- **GIVEN INFORMATION**
━━━━━━━━━━

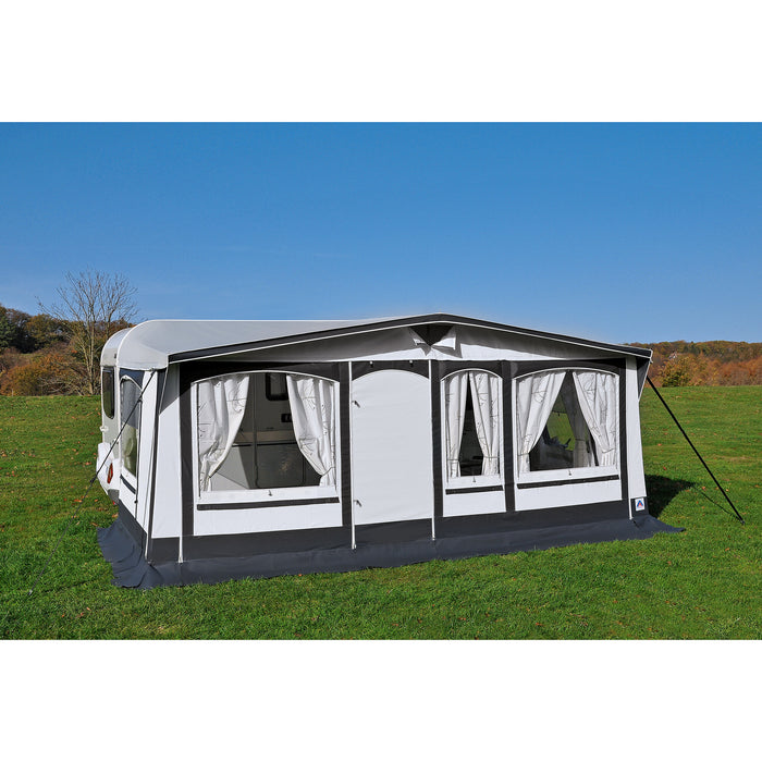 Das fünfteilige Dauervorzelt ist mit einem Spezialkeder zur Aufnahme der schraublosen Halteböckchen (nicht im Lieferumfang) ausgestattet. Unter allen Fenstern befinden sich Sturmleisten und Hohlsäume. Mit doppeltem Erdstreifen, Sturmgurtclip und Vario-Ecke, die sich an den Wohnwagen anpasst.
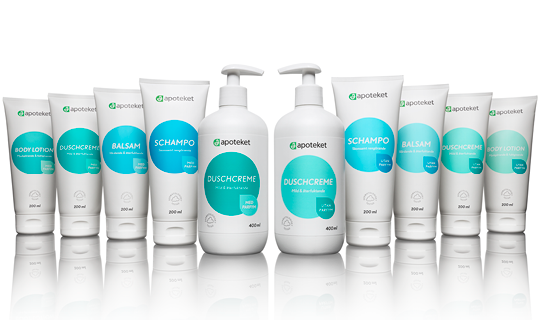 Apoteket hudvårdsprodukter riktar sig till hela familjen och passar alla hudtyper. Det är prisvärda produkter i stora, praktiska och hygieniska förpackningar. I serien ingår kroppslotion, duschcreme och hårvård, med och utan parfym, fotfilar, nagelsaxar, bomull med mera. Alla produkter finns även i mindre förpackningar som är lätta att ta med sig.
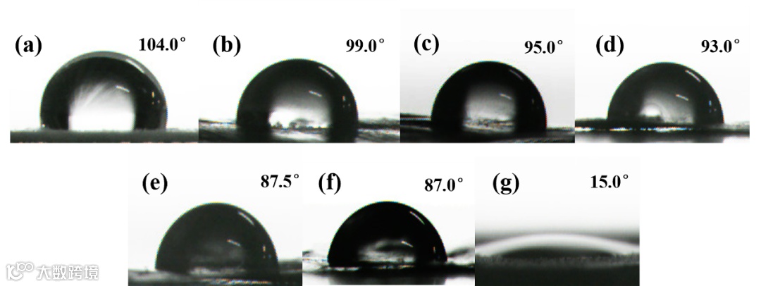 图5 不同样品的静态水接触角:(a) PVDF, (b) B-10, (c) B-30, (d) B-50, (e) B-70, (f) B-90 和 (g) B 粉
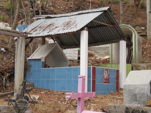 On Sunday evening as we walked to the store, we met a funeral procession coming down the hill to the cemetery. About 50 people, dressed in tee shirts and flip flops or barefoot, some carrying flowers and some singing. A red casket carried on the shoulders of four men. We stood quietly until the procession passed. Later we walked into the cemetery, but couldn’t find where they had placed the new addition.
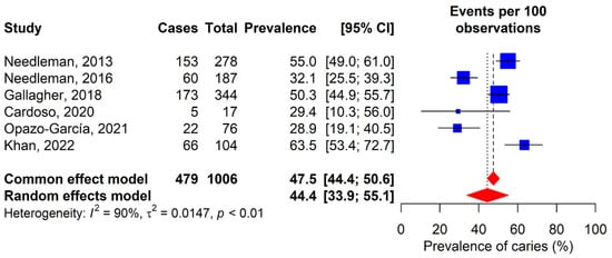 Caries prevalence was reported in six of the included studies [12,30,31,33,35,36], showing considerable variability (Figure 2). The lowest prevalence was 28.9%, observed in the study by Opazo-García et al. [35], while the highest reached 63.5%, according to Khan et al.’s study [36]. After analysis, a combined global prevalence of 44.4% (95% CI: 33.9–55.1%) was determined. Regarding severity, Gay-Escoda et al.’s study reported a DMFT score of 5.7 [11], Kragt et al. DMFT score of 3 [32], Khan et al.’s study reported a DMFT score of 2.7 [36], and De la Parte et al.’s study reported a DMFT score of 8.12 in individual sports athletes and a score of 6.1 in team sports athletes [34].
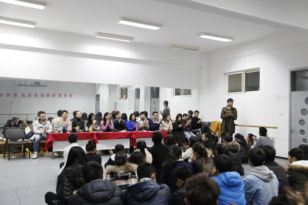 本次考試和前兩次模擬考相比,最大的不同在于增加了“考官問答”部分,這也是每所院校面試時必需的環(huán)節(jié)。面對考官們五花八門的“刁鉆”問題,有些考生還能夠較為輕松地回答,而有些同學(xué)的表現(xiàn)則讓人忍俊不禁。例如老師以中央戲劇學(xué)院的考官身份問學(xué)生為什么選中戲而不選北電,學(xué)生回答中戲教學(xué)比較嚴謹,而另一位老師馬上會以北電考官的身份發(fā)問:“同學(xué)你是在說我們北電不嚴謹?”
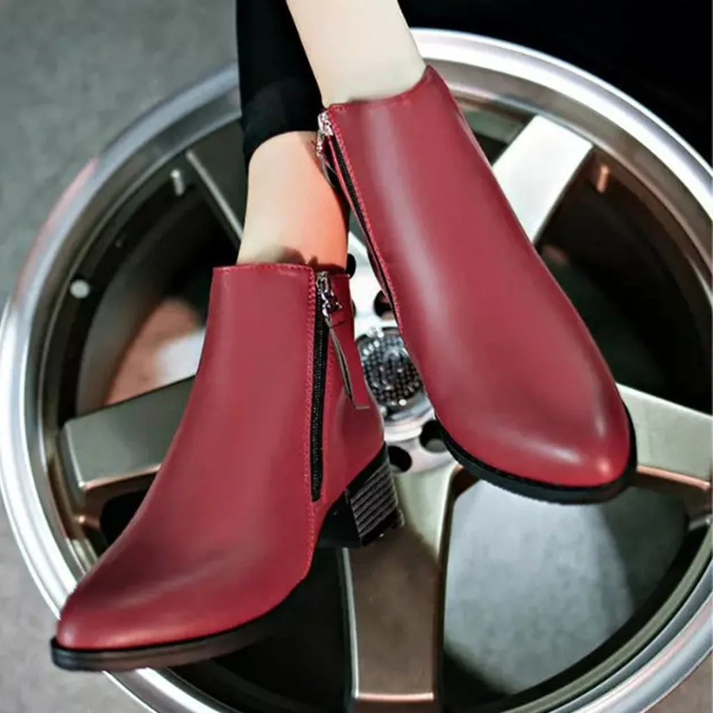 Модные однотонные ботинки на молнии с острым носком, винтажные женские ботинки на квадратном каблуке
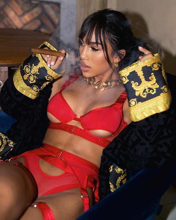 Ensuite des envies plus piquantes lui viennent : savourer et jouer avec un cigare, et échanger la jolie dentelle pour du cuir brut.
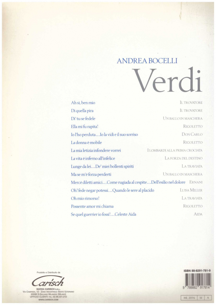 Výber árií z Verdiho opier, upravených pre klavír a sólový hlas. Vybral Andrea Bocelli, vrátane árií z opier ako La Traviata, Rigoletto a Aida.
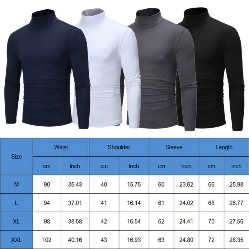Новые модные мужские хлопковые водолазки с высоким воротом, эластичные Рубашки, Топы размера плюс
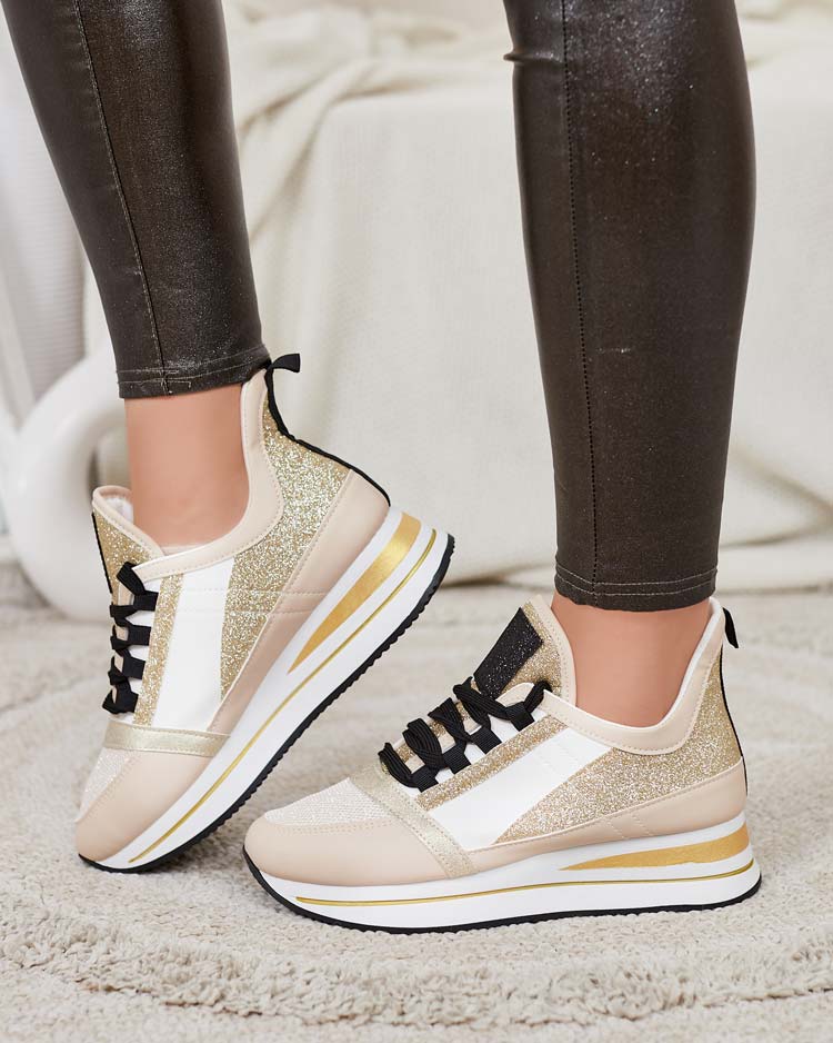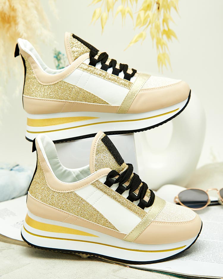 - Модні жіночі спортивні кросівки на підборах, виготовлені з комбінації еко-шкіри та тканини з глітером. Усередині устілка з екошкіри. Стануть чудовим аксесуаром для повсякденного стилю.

━━━━━━━━━━

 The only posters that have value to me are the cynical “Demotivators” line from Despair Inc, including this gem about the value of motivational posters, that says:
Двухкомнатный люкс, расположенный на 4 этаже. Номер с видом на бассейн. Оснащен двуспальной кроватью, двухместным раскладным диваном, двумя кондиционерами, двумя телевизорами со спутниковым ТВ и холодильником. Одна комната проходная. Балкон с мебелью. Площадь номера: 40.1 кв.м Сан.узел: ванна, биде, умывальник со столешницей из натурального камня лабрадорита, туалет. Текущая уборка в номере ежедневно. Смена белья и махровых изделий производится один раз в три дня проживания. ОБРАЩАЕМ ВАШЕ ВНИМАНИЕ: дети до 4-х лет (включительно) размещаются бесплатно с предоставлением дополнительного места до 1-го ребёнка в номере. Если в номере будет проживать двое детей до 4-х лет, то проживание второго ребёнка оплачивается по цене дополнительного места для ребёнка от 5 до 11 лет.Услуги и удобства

━━━━━━━━━━

All that should appear in the answer is the lines above from the line with "图5 不同样品的静态水接触角:(a) PVDF, (b)" through the line with "本次考試和前兩次模擬考相比,最大的不同在", retyped exactly, pictures left out.

 图5 不同样品的静态水接触角:(a) PVDF, (b) B-10, (c) B-30, (d) B-50, (e) B-70, (f) B-90 和 (g) B 粉
 On Sunday evening as we walked to the store, we met a funeral procession coming down the hill to the cemetery. About 50 people, dressed in tee shirts and flip flops or barefoot, some carrying flowers and some singing. A red casket carried on the shoulders of four men. We stood quietly until the procession passed. Later we walked into the cemetery, but couldn’t find where they had placed the new addition.
 Caries prevalence was reported in six of the included studies [12,30,31,33,35,36], showing considerable variability (Figure 2). The lowest prevalence was 28.9%, observed in the study by Opazo-García et al. [35], while the highest reached 63.5%, according to Khan et al.’s study [36]. After analysis, a combined global prevalence of 44.4% (95% CI: 33.9–55.1%) was determined. Regarding severity, Gay-Escoda et al.’s study reported a DMFT score of 5.7 [11], Kragt et al. DMFT score of 3 [32], Khan et al.’s study reported a DMFT score of 2.7 [36], and De la Parte et al.’s study reported a DMFT score of 8.12 in individual sports athletes and a score of 6.1 in team sports athletes [34].
 本次考試和前兩次模擬考相比,最大的不同在于增加了“考官問答”部分,這也是每所院校面試時必需的環(huán)節(jié)。面對考官們五花八門的“刁鉆”問題,有些考生還能夠較為輕松地回答,而有些同學(xué)的表現(xiàn)則讓人忍俊不禁。例如老師以中央戲劇學(xué)院的考官身份問學(xué)生為什么選中戲而不選北電,學(xué)生回答中戲教學(xué)比較嚴謹,而另一位老師馬上會以北電考官的身份發(fā)問:“同學(xué)你是在說我們北電不嚴謹?”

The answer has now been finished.